A Common Cause of Knee Pain

Patellofemoral Pain Syndrome (PFPS), also known as Patellofemoral Dysfunction or Runner’s Knee, is one of the most frequent sources of knee pain we see in the clinic. It doesn’t just affect runners — it’s common among walkers, gym-goers, teenagers going through growth spurts, and people who sit for extended periods.

Understanding the condition and how to treat it can make a significant difference in long-term knee health and comfort.


🔍 What Exactly is PFPS?

PFPS is pain that originates from the joint between your kneecap (patella) and the thigh bone (femur). This joint plays a crucial role in activities like squatting, climbing stairs, running, or even getting out of a chair.

In a healthy knee, the patella glides smoothly within a groove on the femur. But with PFPS, this movement becomes irritated, painful, or mechanically dysfunctional — often due to muscle imbalances, joint misalignment, or repetitive strain.


⚠️ What Causes Patellofemoral Pain?

There isn’t usually one single cause — it’s often a combination of the following:

1. Muscle Weakness or Imbalance

  • Weak gluteal muscles and hip stabilisers can cause poor control of the thigh, allowing the knee to collapse inward (valgus position).
  • Weak or delayed firing of the vastus medialis oblique (VMO) muscle — part of the quadriceps — can alter patellar tracking.

2. Tight Muscles and Soft Tissues

  • Tight quadriceps, hamstrings, iliotibial (IT) band, or hip flexors can pull the patella out of alignment.
  • These restrictions increase joint pressure and friction with movement.

3. Foot and Ankle Mechanics

  • Overpronation (excessive inward rolling of the foot) can change the angle at which forces act on the knee.
  • Reduced ankle mobility can also affect squat or walking mechanics.

4. Poor Movement Patterns

  • Squatting or lunging with poor technique places unnecessary stress on the kneecap.
  • Sitting or driving for long periods with knees bent can aggravate symptoms (known as the “moviegoer’s sign”).

5. Training Errors

  • Rapidly increasing running distance, intensity, or changing surfaces without adequate preparation.
  • Wearing worn-out or unsupportive shoes.
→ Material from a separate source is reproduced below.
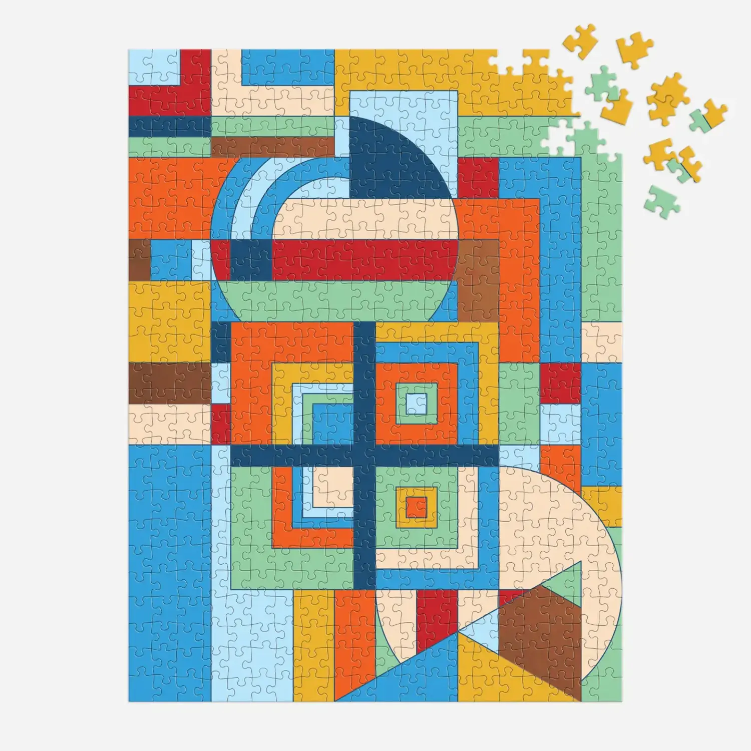 Frank Lloyd Wright December Gifts 500 Piece Book Box Puzzle highlights Wright’s practice of using the tools of his trade: a t-square, triangle and compass, to create lively geometric designs.

📋 Typical Symptoms of PFPS

  • Aching or sharp pain at the front of the knee, often around or behind the kneecap
  • Pain during:
    • Climbing or descending stairs
    • Squatting or kneeling
    • Running (especially downhill)
    • Sitting for long periods (with knees bent)
  • Grinding, clicking, or popping sounds with knee movement
  • Occasional swelling or feeling of instability

🏃‍♀️ Why is Physiotherapy Essential for PFPS?
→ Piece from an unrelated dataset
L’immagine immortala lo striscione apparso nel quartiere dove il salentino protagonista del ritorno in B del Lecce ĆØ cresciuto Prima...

Physiotherapy is the gold standard treatment for patellofemoral pain. A physio will assess not just your knee, but your entire lower limb biomechanics to identify the underlying cause of your pain.

Here’s how physiotherapy helps:

✅ Individualised Assessment

  • Analysis of walking, running, or squatting mechanics
  • Muscle strength testing — particularly hips, core, and quads
  • Joint mobility checks — knee, ankle, and hip range of motion

✅ Tailored Rehabilitation

  • A specific, progressive exercise program to strengthen key muscles and improve knee alignment
  • Stretching and release techniques for tight tissues
  • Movement re-training to improve how you squat, run, or climb stairs

✅ Hands-On Therapy & Support

  • Soft tissue release, joint mobilisation, and taping if needed
  • Education on training load, footwear, and ergonomic adjustments
  • Taping or bracing to support the kneecap if required during high-load activities

🛡️ Preventing Patellofemoral Pain

Whether you’re returning from injury or trying to avoid it, prevention strategies are key:

  • 🦵 Strengthen hips and thighs – strong muscles support healthy knee tracking
  • 👟 Wear supportive footwear – especially for running or high-impact sports
  • Avoid sudden training spikes – gradually increase distance, pace, and frequency
  • 🔁 Cross-train – alternate between high-impact and low-impact activities (e.g., cycling, swimming)
  • 📏 Practice good form – particularly during gym work, running, and daily movements

✅ Final Thoughts

PFPS can be frustrating, especially when it interferes with your daily activities or exercise goals. The good news is that most people respond extremely well to a focused, personalised rehabilitation program.

At You First Physio, we combine evidence-based treatment with biomechanical expertise to get you back on track — pain-free, strong, and confident in your knee again.

If you’re experiencing knee pain that isn’t resolving, book an appointment with one of our physiotherapists. Early assessment and intervention are key to preventing long-term issues.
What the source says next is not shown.